Он дал сыну стаканчик густой и сладкой наливки и, притопывая тяжёлыми ногами, качая рыжей, огненной головой, пел в лицо ему удивительно тонким и смешным голосом:
Вот во поле, на лужку
Стоит бражка в туеску,
Она пьяная - хмельна,
Крепче всякого вина...
Матвею почему-то было жалко отца; ему казалось, что вот он сейчас оборвёт песню и заплачет.
– Марков - подкладывай огня!
– командовал отец.
Коротенький лекарь совсем сложился в шар, прижал гитару к животу, наклонил над нею лысую голову, осыпанную каплями пота; его пальцы с весёлою яростью щипали струны, бегали по грифу, и мягким тенорком он убедительно выговаривал:
И поп - помрёт,
И солдат - помрёт,
Только тот не помрёт,
Кого смерть не возьмёт!
– И-их!
– визжала Власьевна, отчаянно заламывая руки над головой.
– Марков!
– вопил отец.
– Гляди, а? Это ли не зверь, а?
– Холмы-горы!
– отзывался лекарь, брызгая весёлым звоном струн, а Матвей смотрел на него и не мог понять - где у лекаря коленки.
Вдруг явился высокий, суровый Пушкарь, грозно нахмурил тёмное бритое лицо и спросил хриплым голосом:
– За что Муругого убили, беси?
Отец поднял завязанную руку, махая ею.
– Видал? Сустав с мизинца - напрочь! Марков ножницами отстриг. Садись, служба!
– Ещё башку тебе отстригут, погоди!
– предупредил солдат, усмехаясь и взяв Матвея за руку.
– Айда спать!
Через несколько дней, в воскресенье, отец, придя из церкви, шагал по горнице, ожидая пирога, и пел:
От юности моея
мнози борют мя страсти,
Но сам мя заступи
и спаси, спасе мой!
Со двора в окно, сквозь узорные листья герани, всунулось серая голова Пушкаря. Он кричал:
– Опять кощунишь, Савёл? Опять носам?
– Поди прочь!
– сказал отец, не останавливаясь.
– Я те говорю - осанна заступи! Осанна, а не - носам!
Отец подошёл к окну и, ударив себя кулаком в грудь, внушительно заговорил:
– Сам! Понимаешь, старый чёрт? Не я, а - бог! Но сам...

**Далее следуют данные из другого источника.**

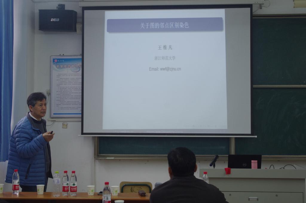 王维凡教授报告的题目是“关于图的邻点区别染色”。重点介绍了图的邻点(和)可区别边(全)染色的概念、相关猜想、研究进展以及今后的研究方向。王维凡教授同时分享了浙江师范大学数学与计算机科学学院的师资队伍、科研平台等方面的信息,并鼓励广大同学积极报考浙江师范大学的硕士研究生。
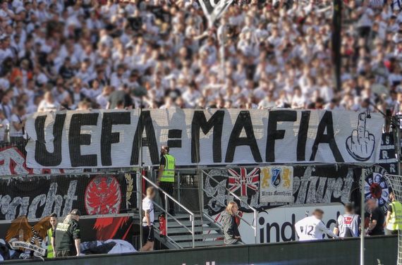 Weil die UEFA den kommenden Europa League-Gegner Olympique Marseille u.a. zu einem Geisterspiel verurteilte, zeigten Frankfurter Ultras gestern ein „UEFA=Mafia“-Plakat. Wegen der Verbandsstrafe dürfen beim ersten Europapokal-Spiel der Eintracht in diesem Jahr auch keine Frankfurter Fans ins Stadion (Faszination Fankurve berichtete).

В окно полился торжествующий рёв:
– Ага-а, запутался, еретик! Я - не я, сам - не сам...
– Уйди!
– Осанну господню не тронь...
– У-ух!
– взвыл Савелий Кожемякин и, схватив обеими руками банку с цветком, бросил ею в голову Пушкаря.
Это вышло неожиданно и рассмешило мальчика. Смеясь, он подбежал к окну и отскочил, обомлев: лицо отца вспухло, почернело; глаза, мутные, как у слепого, не мигая, смотрели в одну точку; он царапал правою рукою грудь и хрипел:
– Господи! Исусе... Исусе...
Матвей выскочил вон из комнаты; по двору, согнув шею и качаясь на длинных ногах, шёл солдат, одну руку он протянул вперёд, а другою дотрагивался до головы, осыпанной землёю, и отряхал с пальцев густую, тёмно-красную
Матвей кинулся в амбар и зарылся там в серебристо-серой куче пеньки, невольно вспоминая жуткие сказки Макарьевны: в них вот так же неожиданно являлось страшное. Но в сказках добрая баба-яга всегда выручала заплутавшегося мальчика, а здесь, наяву, - только Власьевна, от которой всегда душно пахнет пригорелым маслом.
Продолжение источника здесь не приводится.